Sensitive personal data is personal data revealing racial or ethnic origin, political opinions, religious or philosophical beliefs, or trade union membership, and the processing of genetic data, biometric data for the purpose of uniquely identifying a natural person, data concerning health or data concerning a natural person’s sex life or sexual orientation.

The legal basis for processing your sensitive personal data about dietary requirements and reasonable adjustments/disabilities is that processing is necessary for reasons of substantial public interest for the exercise of a function of the Crown, a Minister of the Crown, or a government department (paragraph 6, schedule 1, DPA 2018).

The legal basis for processing your criminal convictions sensitive personal data is because you consent to us doing so (paragraph 29, schedule 1, DPA 2018).

1.4 Recipients

Your personal data will be shared by us with our IT suppliers who provide the accreditation portal, virtual events portal, our website, and web hosting.

As your personal data will be stored on our IT infrastructure it will also be shared with our data processors who provide email, and document management and storage services.

Your data may be shared with venue providers for holding events and allowing visitors access, making reasonable adjustments, and catering.

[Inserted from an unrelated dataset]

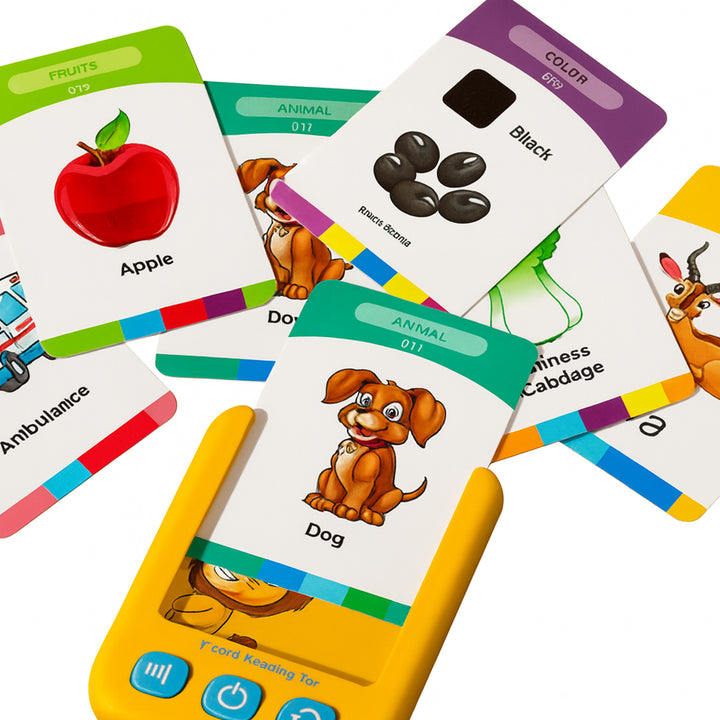 Interactive Audio: Pronounces English words and often plays relevant sounds (like animal noises) when cards are inserted.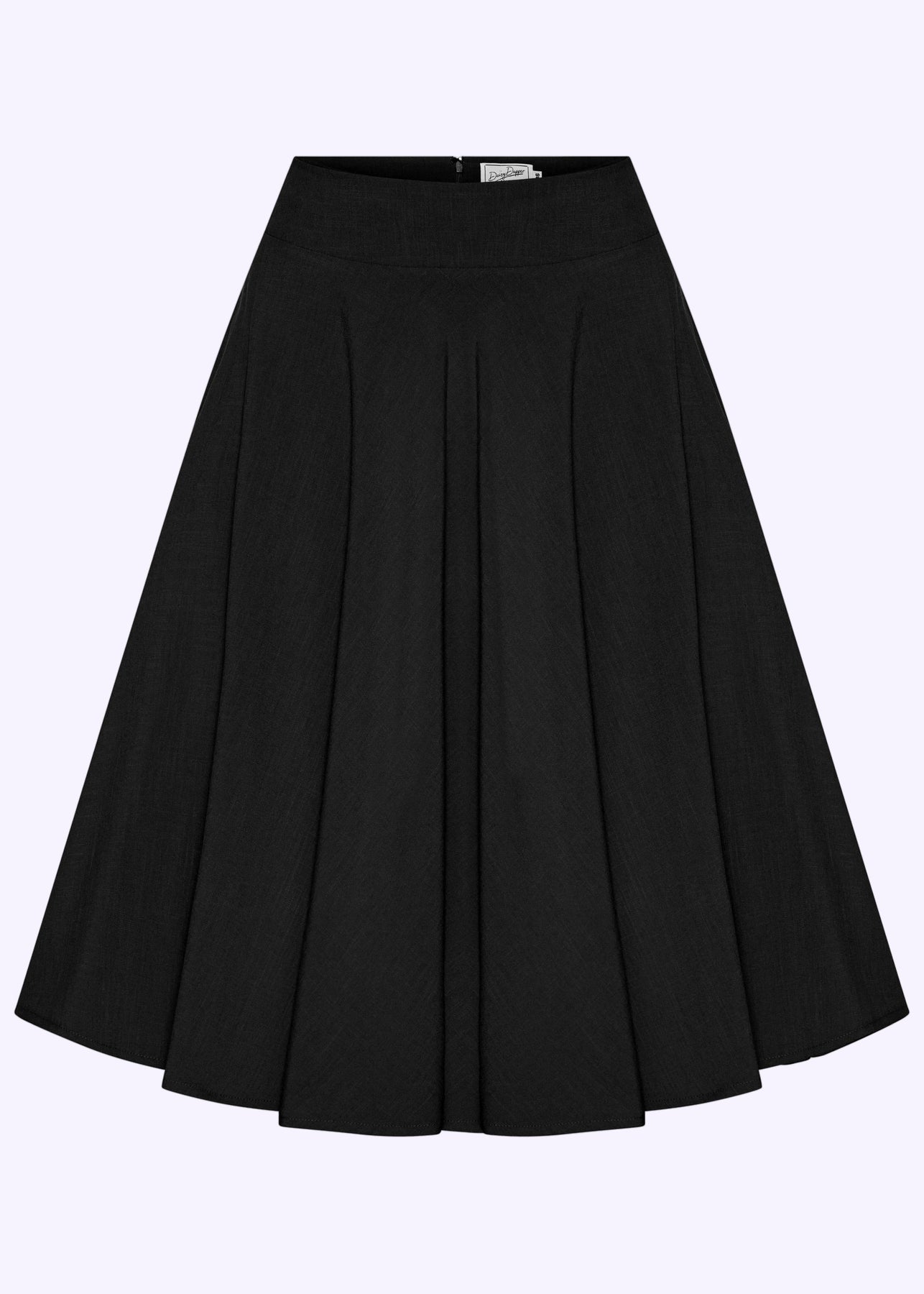 This elegant 1950s-inspired swing skirt from Daisy Dapper is the essence of retro elegance. With its full skirt, fitted waistband and flattering silhouette, it highlights the waist and creates the iconic hourglass shape so characteristic of true vintage style.

Your data may be shared with law enforcement agencies where necessary for security purposes, or with a court or legal advisors where necessary to deal with legal claims.

1.5 Retention

Your personal data will be kept by us until all the events have taken place and then destroyed by December 2021.

2. Your rights

You have the right to:

• request information about how your personal data are processed, and to request a copy of that personal data

• request that any inaccuracies in your personal data are rectified without delay

• request that any incomplete personal data are completed, including by means of a supplementary statement

• request that your personal data are erased if there is no longer a justification for them to be processed

• in certain circumstances (for example, where accuracy is contested) to request that the processing of your personal data is restricted

• to object to the processing of your personal data

For criminal convictions data and web analytics data:

• you have the right to withdraw consent to the processing of your personal data at any time

3. International transfers

As your personal data is stored on our IT infrastructure, and shared with our data processors, it may be transferred and stored securely outside the UK. Where that is the case it will be subject to equivalent legal protection through an adequacy decision or the use of Model Contract Clauses.

4. Complaints

If you consider that your personal data has been misused or mishandled, you may make a complaint to the Information Commissioner, who is an independent regulator. The Information Commissioner can be contacted at:

Information Commissioner's Office
Wycliffe House
Water Lane
Wilmslow
Cheshire
SK9 5AF

Telephone: 0303 123 1113

Email: casework@ico.org.uk

Any complaint to the Information Commissioner is without prejudice to your right to seek redress through the courts.

5. Contact details

The data controller for your personal data is the Cabinet Office. The contact details for the data controller are:

Cabinet Office
70 Whitehall
London
SW1A 2AS

Telephone: 0207 276 1234

Email: publiccorrespondence@cabinetoffice.gov.uk

The contact details for the data controller’s Data Protection Officer are:

Stephen Jones
Data Protection Officer
Cabinet Office
70 Whitehall
London
SW1A 2AS

Email: dpo@cabinetoffice.gov.uk

The Data Protection Officer provides independent advice and monitoring of Cabinet Office’s use of personal information.